Your instructions ->
Using the listing below, give again exactly the lines from the line with "This Flat Shopping" to the line with "3) When I go", inclusive, without the pictures.

Provided entries ->
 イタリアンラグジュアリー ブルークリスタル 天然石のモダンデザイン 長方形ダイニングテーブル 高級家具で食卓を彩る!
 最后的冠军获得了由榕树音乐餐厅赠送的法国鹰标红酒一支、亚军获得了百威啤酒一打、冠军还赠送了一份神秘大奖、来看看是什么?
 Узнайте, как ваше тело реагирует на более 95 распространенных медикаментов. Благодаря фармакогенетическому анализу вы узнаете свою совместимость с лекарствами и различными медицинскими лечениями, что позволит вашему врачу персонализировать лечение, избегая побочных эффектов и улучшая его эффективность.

* * *

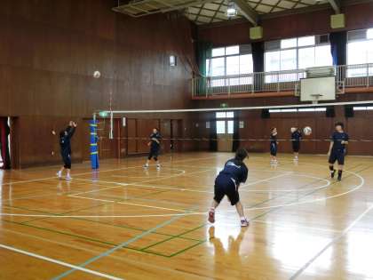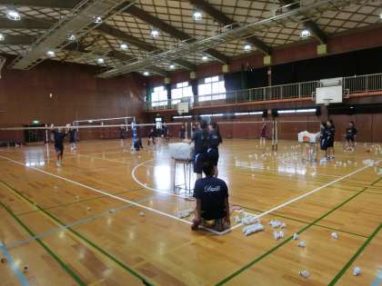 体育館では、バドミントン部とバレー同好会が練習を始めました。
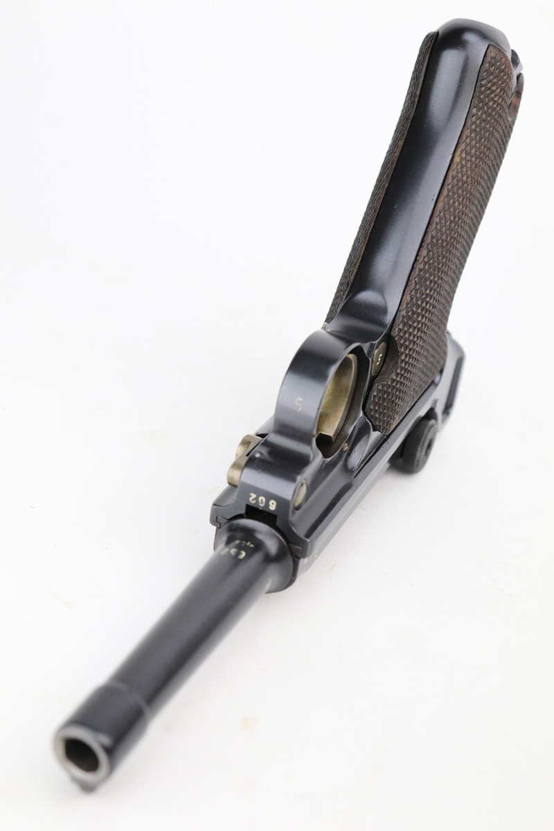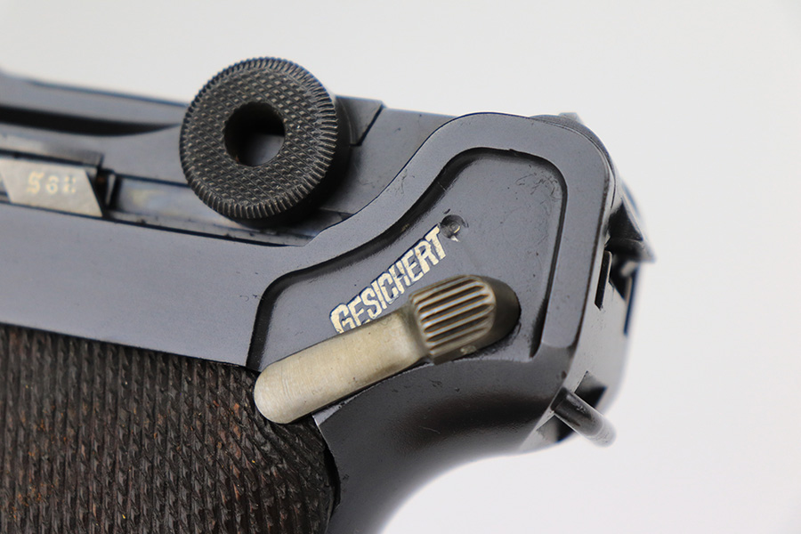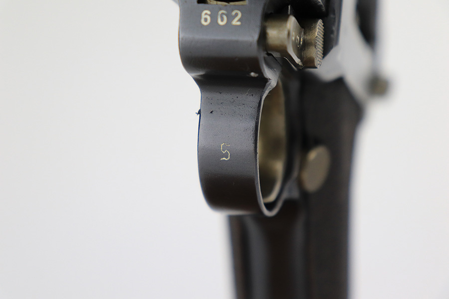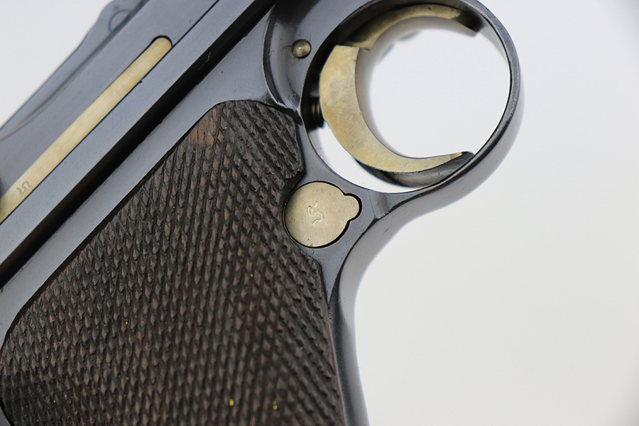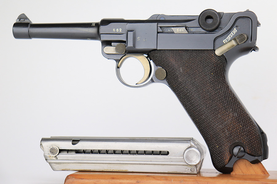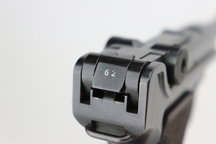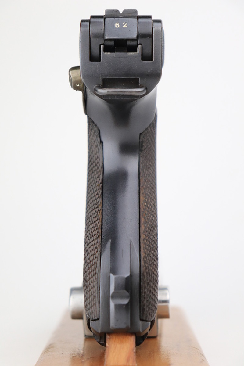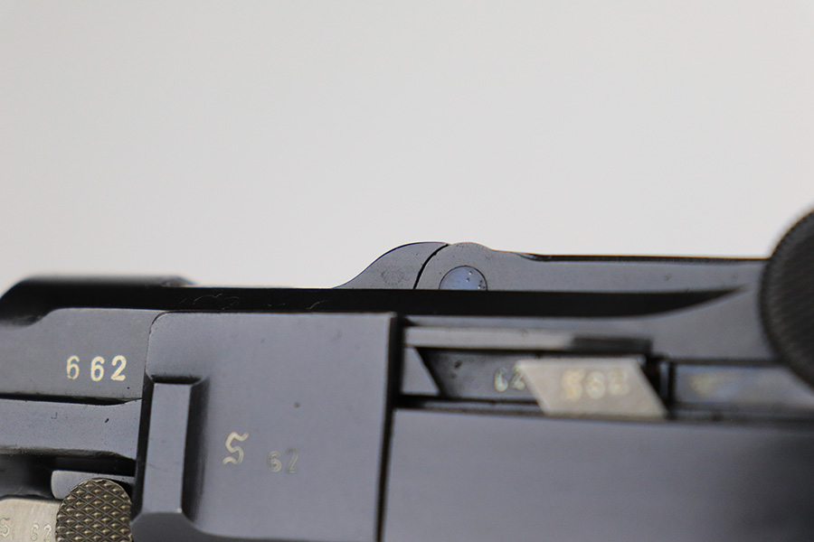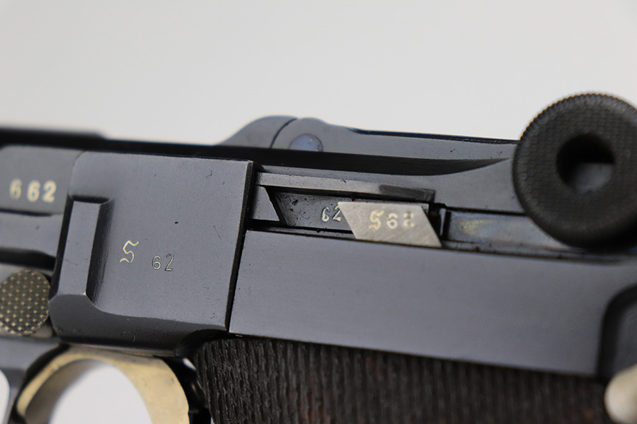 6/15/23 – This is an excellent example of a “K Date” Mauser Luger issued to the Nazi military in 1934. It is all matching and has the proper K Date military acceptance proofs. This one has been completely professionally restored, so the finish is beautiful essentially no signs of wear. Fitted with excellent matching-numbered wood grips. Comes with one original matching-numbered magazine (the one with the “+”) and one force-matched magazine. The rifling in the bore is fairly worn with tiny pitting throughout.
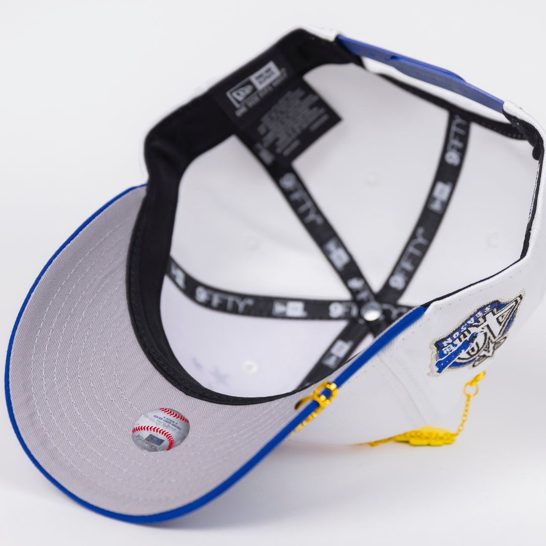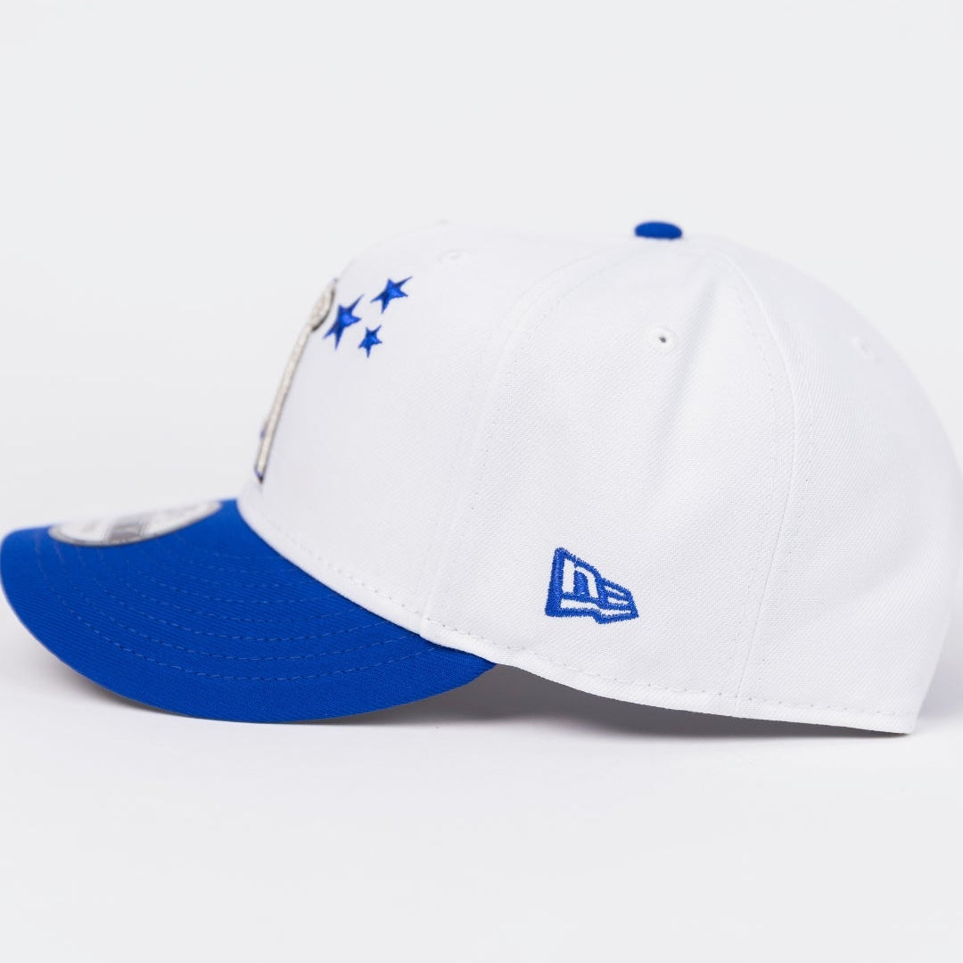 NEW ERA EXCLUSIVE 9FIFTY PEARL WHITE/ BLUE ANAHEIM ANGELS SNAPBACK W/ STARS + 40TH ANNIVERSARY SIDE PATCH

--

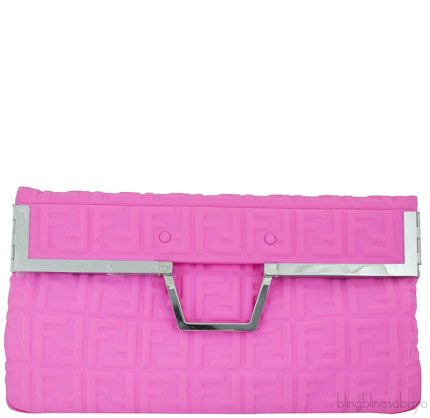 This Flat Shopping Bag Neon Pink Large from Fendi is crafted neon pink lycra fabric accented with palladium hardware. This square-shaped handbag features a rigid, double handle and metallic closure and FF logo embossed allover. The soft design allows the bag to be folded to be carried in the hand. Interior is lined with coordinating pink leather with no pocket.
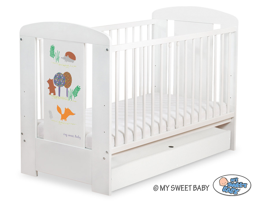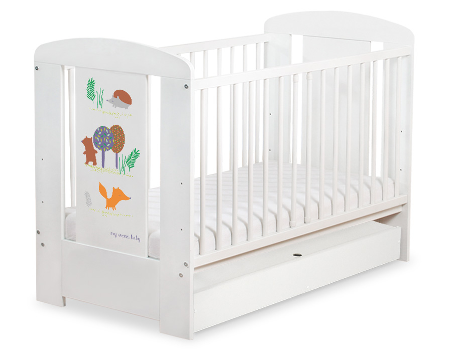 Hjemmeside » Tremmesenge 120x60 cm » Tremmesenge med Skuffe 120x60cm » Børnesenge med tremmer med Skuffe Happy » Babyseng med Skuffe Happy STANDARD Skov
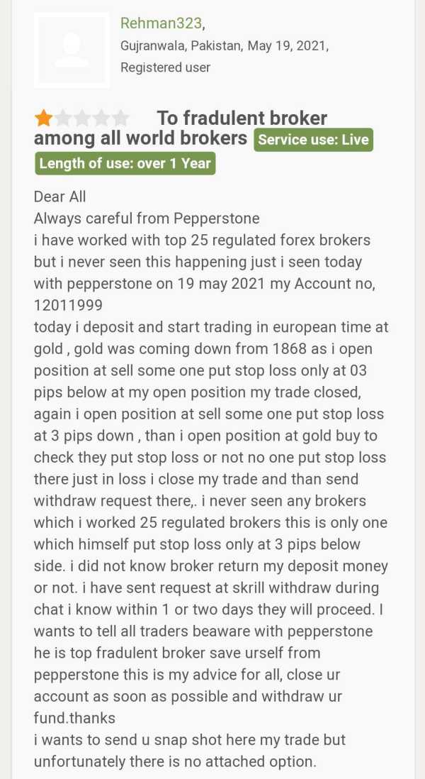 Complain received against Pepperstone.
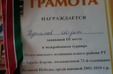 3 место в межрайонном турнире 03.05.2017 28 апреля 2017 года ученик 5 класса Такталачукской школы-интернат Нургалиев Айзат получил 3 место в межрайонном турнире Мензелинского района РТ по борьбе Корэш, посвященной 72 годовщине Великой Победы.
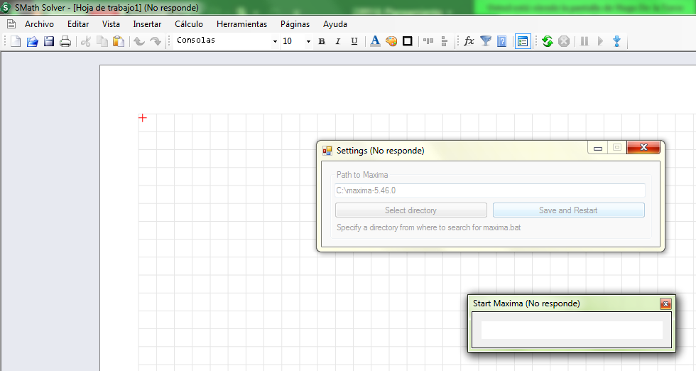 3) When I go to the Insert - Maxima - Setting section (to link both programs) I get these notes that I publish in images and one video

Answer section ->
 This Flat Shopping Bag Neon Pink Large from Fendi is crafted neon pink lycra fabric accented with palladium hardware. This square-shaped handbag features a rigid, double handle and metallic closure and FF logo embossed allover. The soft design allows the bag to be folded to be carried in the hand. Interior is lined with coordinating pink leather with no pocket.
 Hjemmeside » Tremmesenge 120x60 cm » Tremmesenge med Skuffe 120x60cm » Børnesenge med tremmer med Skuffe Happy » Babyseng med Skuffe Happy STANDARD Skov
 Complain received against Pepperstone.
 3 место в межрайонном турнире 03.05.2017 28 апреля 2017 года ученик 5 класса Такталачукской школы-интернат Нургалиев Айзат получил 3 место в межрайонном турнире Мензелинского района РТ по борьбе Корэш, посвященной 72 годовщине Великой Победы.
 3) When I go to the Insert - Maxima - Setting section (to link both programs) I get these notes that I publish in images and one video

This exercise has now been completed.